It’s also beneficial if your practice website is at the top of the results when someone does an Internet search for a medical practice. You can pay to have your name and the name of your practice at the top of the Google search. However, keywords, clever titles, and new content appearing on a regular basis can make your website attractive and ranked on the first page of search engines. Your rankings on the popular search engines will be enhanced if authoritative websites link to your website and reference you and your practice as an authority.
Social Media and Video Marketing
Facebook, Twitter, and YouTube offer many opportunities for physicians to connect with patients.
Video marketing has been gaining a lot of steam on social media, especially with regard to healthcare companies. It’s one of the healthcare marketing trends that’s generating the highest levels of engagement. A majority of the public prefer watching videos about content rather than reading about it.
Because healthcare isn’t an attention-grabbing topic on its own, video marketing can help create interest for your practice’s services.
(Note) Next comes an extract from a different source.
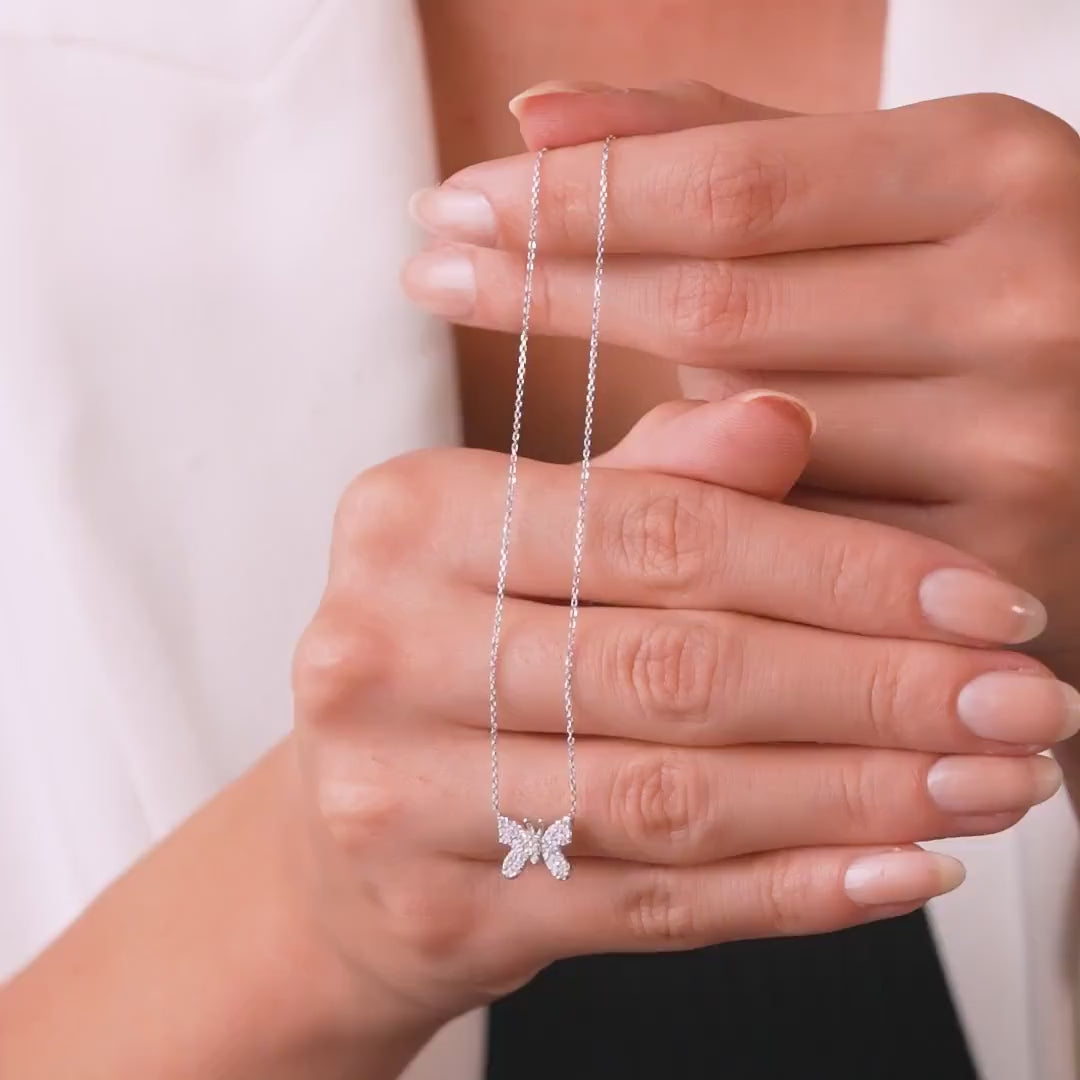 Collar de mariposa minimalista de oro blanco macizo de 14 quilates

When done well, videos can help attract and hold the attention of viewers and improve your reach.
Short, content-rich videos of less than two minutes are the most effective. Videos can focus on the topics on which you differentiate yourself and your practice from others in the area. Another effective type of video for healthcare marketing is testimonials from existing patients and staff, which help build trust and credibility with current and potential patients.
If a picture is worth a thousand words, a video is probably worth 10,000+ words.
Psychographic Marketing
Demographic information, such as age, gender, race, address, and occupation, can be a starting point for targeting new patients, but it doesn’t shed light on these potential patients’ attitudes and mindset.
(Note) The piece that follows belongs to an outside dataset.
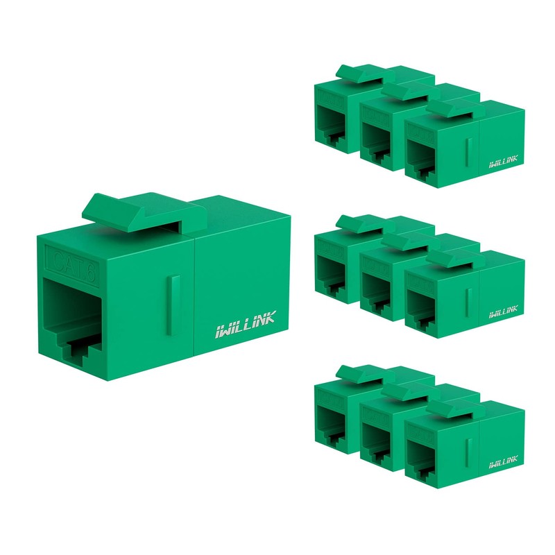 iwillink 10-Pack Female to Female Cat6 Keystone Jack, UTP Keystone Coupler Insert, Green

Demographics explain “who” your patient is; psychographics explain “why.” Psychographic information includes your potential patients’ habits, hobbies, health-related experiences, and values — information you need to promote your services to a particular segment of the population.
To reach ideal patients you must know what and who they value most, where they look for their medical information, and what content appeals to them. With that information, you can target specific messages about your areas of interest or expertise.
Cybersecurity
Cybersecurity is also a consideration in digital marketing of the healthcare practice. Healthcare faces greater cyber risks than other sectors because of inherent weaknesses in its security posture. Many providers think that they are capable of defending themselves from cyberattacks, but that is folly.
The healthcare sector is an attractive target for cyberattacks for two simple reasons: It is a rich source of valuable data and it is a soft target.(2) Cybersecurity is not just about protecting data; it is fundamental for maintaining the safety, privacy, and trust of our patients. Effective cybersecurity must become an integral part of every medical practice.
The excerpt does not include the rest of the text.